Когда Джек пришел и сказал ей о сделке и о том, что все стороны пришли к соглашению, она была настолько убита горем, что не оказала никакого сопротивления. Вместо этого она проводила долгие дни, сидя в тени кипарисов и яворов, глядя на болото так, словно мир, который она любила, вступил в заговор и тоже предал ее. Она верила в волшебство своего мира, поклонялась его красоте и была убеждена, что Пьеру тоже дорог этот мир. Но теперь ей пришлось познать истины, гораздо более прозаичные и жестокие, и самая худшая из них заключалась в том, что преданность Пьера своему миру и своей семье значила для него больше, чем обещания, данные ей.

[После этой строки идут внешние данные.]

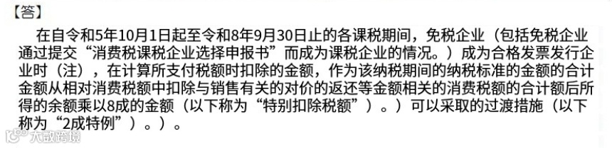 自令和5年10月1日(2023年10月1日)-令和8年9月30日(2026年9月30日)止,消费税相当于进项税额的80%
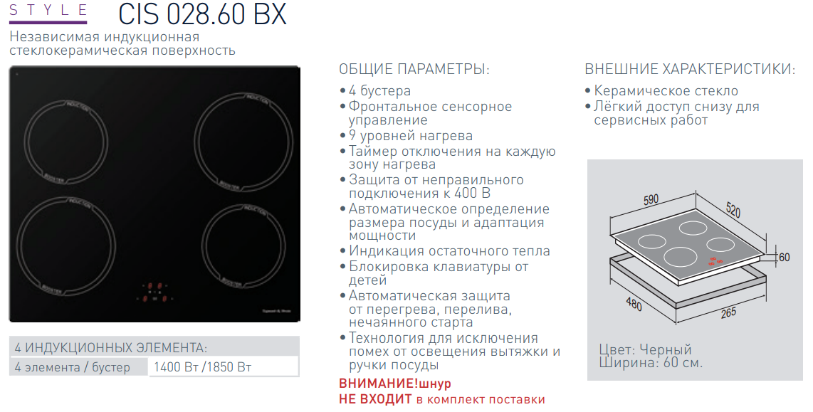 Индукционная варочная панель Zigmund-Shtain (Зигмунд-Штайн) CIS 028.60 BX
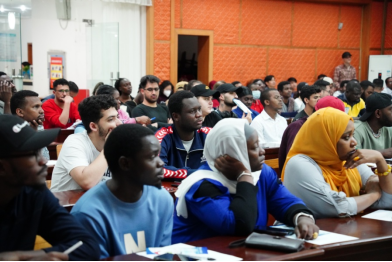来自喻家山派出所的王璨警官详细讲解了与国际学生相关的法律法规及最新相关政策,提醒同学们谨防非法拘留、非法就业、电信诈骗等违法行为,并强调,“法律面前人人平等”、“外国人在中国领土需遵守中国法律,否则将会被追究法律责任”。
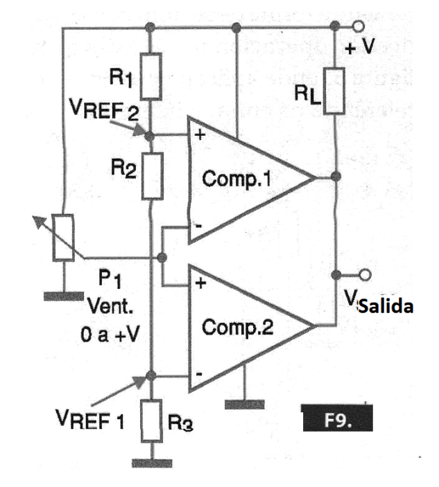 Este comparador proporciona una salida cuando la tensión de entrada se sitúa entre dos valores de referencia, programados por una red divisora. En la figura 10 tenemos un gráfico que muestra el comportamiento de ese circuito, en el que la tensión de salida de los dos comparadores estará en el nivel alto cuando la tensión de entrada esté entre los valores de referencia.
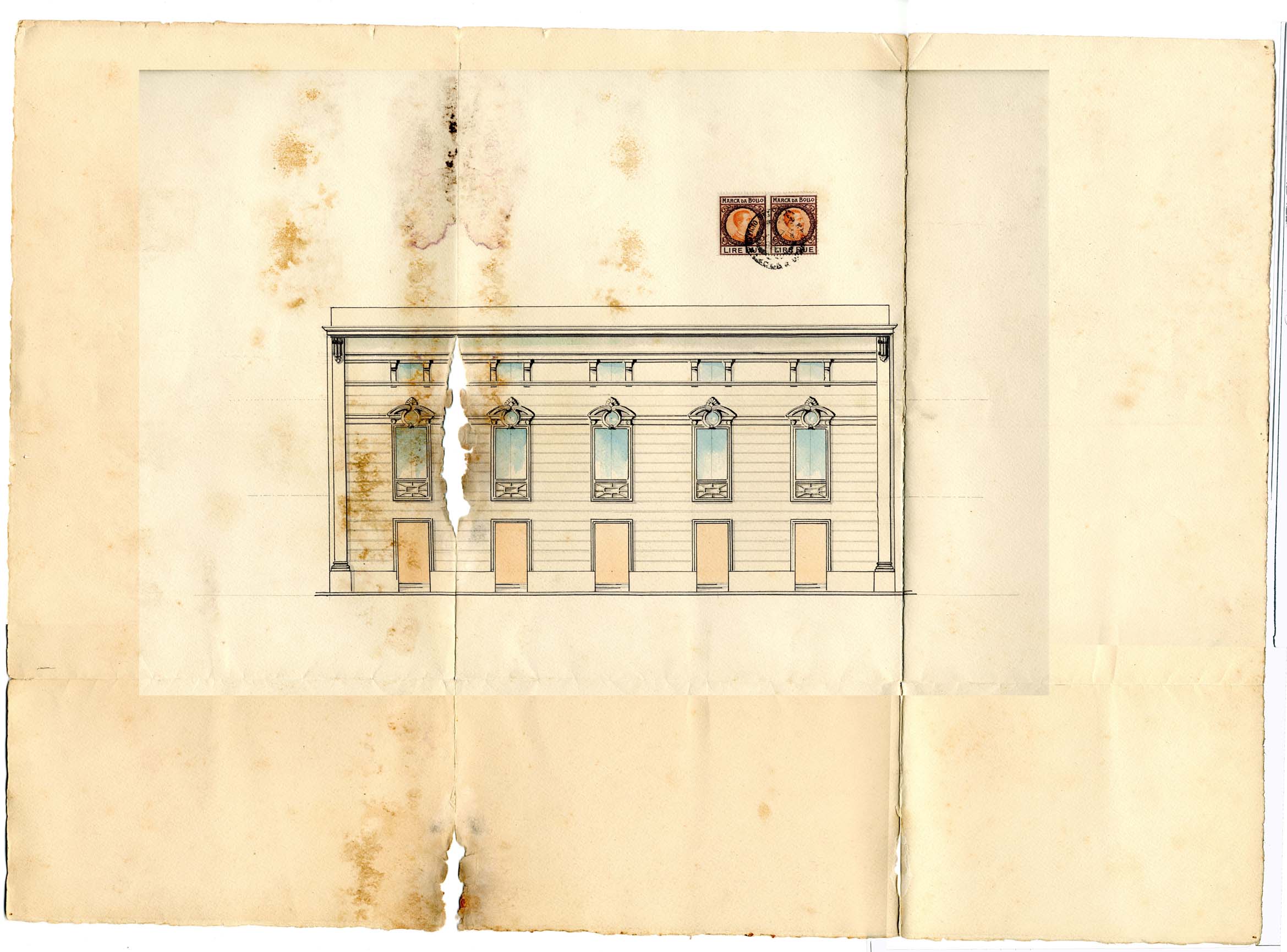 disegno su cartoncino; a china nera (le linee principali, parte delle ombreggiature), acquerellato in grigio (le stilature della muratura secondo un ritmo A – B); acquerellati con toni aranciati (i vani delle porte al piano terra) e azzurri (parti vetrate); acquerellato in grigio (le ombreggiature); a lapis (linee di costruzione). Sono presenti due marche da bollo uguali con il profilo di Vittorio Emanuele III° Re d’Italia, da Lire due con timbro circolare ad inchiostro nero, a stampatello maiuscolo, dell’”Ufficio del Registro Lecce”, la data nella parte centrale su tre righe è: “17 / … / 926”. Sul retro, manoscritto a matita rossa: “Prog(etto). orig(inale) 1911”.
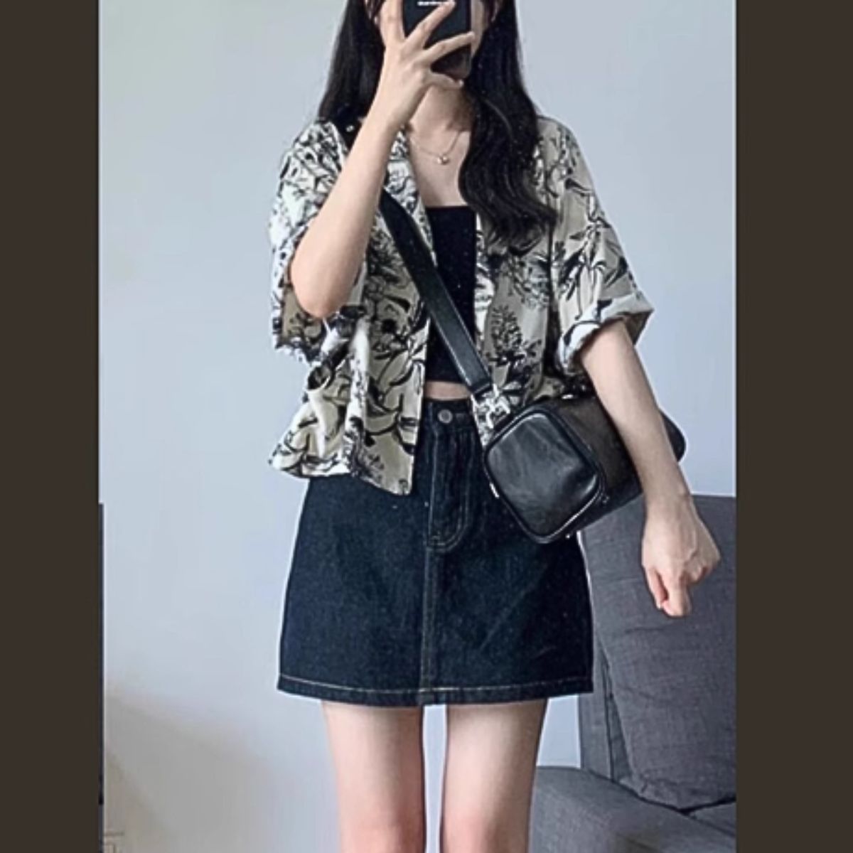 カジュアル シャツ 半袖 柄 総柄 花柄 ショート丈 短丈 高級感 夏 羽織り レディース シンプル モノトーン 韓国ファッション きれいめ カジュアル 大人
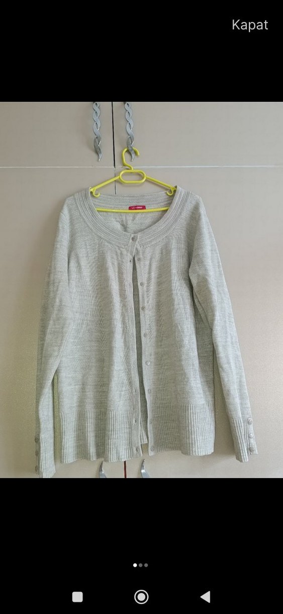 Yumuşak keten kumaştan, düğmeli ve uzun kollu gri rahat kesim hırka. Yuvarlak yaka ve midi boyda, günlük kullanıma uygun sıcak tasarım.
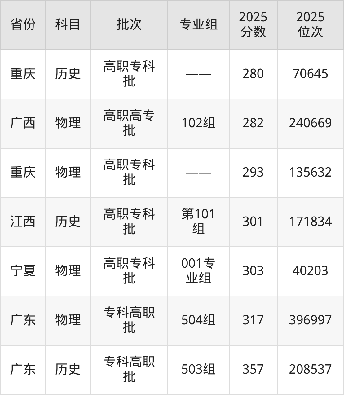 2025年四川托普信息技术职业学院在各省普通批录取分数线一览表:
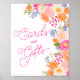 Bem-vindos convidados com o charme do nosso Chá de panela 'Cartões e Ofertas', mostrando um design encantador que captura a essência de um jardim florescente. Flores silvestres de cor aquosa pintadas à mão e flores vibrantes de verão adoram a placa, criando um ambiente caprichoso e natural. A elegante fonte do pincel de script guia os hóspedes com sofisticação, enquanto as vibrantes sombras de cor-de-rosa, laranja brilhante e verde-luxuoso evocam a beleza de uma paisagem rural. Que este sinal seja uma surpresa encantadora, dando o tom para uma celebração alegre cheia de amor e gratidão.
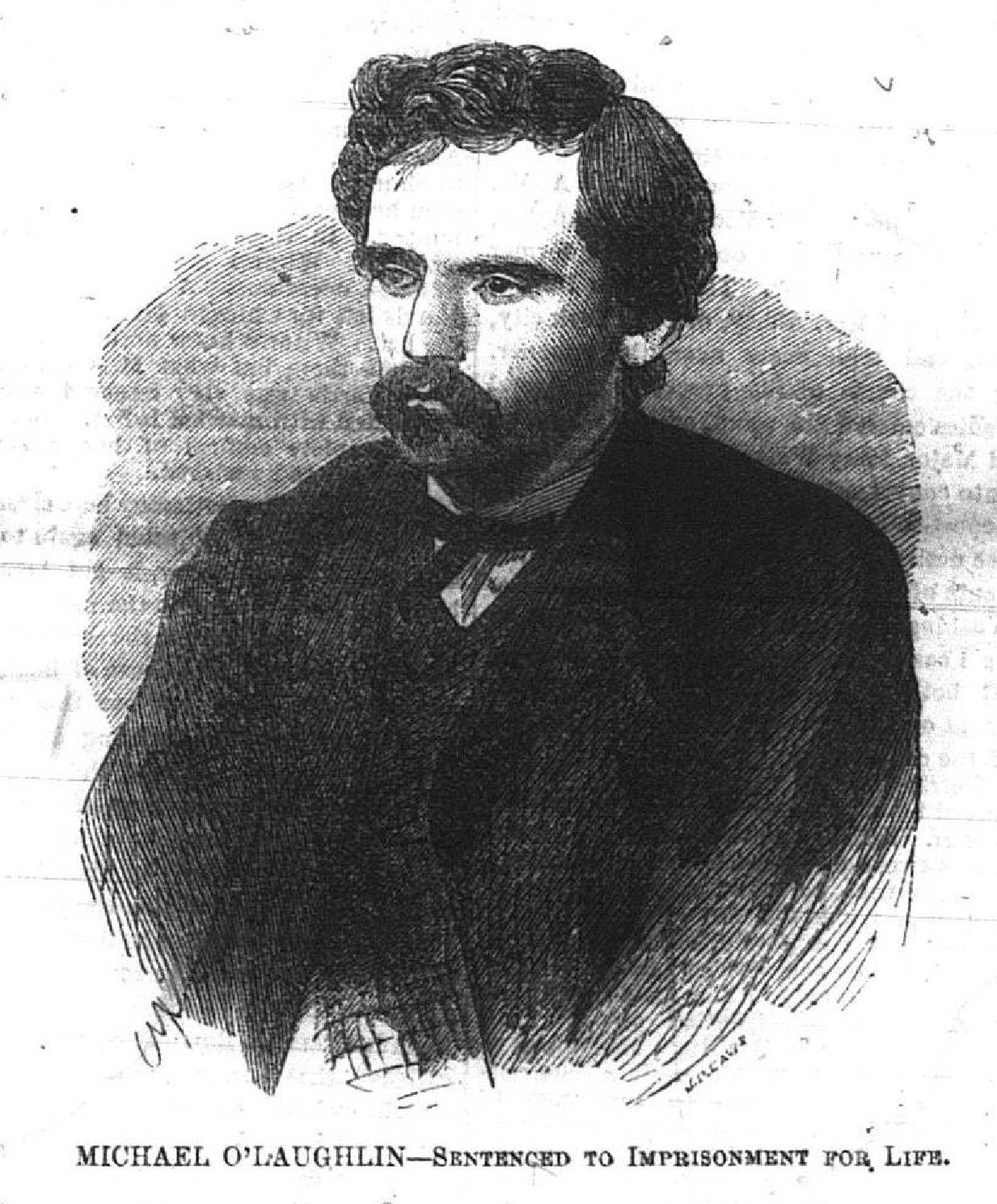 Drawing of Michael O’Laughlen based on the mug shot photographs. Image Source: Betty Ownsbey from the Washington Weekly Chronicle

Габриэль стала плохо есть, как бы я ни приставала и ни уговаривала ее. Я готовила всевозможные напитки из трав, чтобы дать питание ее организму, но она либо уклонялась от них, либо ее депрессия перевешивала их воздействие. В последние недели беременности она сделалась особенно болезненной. Вокруг глаз образовались темные круги. Она совершенно обессилела, стала вялой и спала большую часть дня.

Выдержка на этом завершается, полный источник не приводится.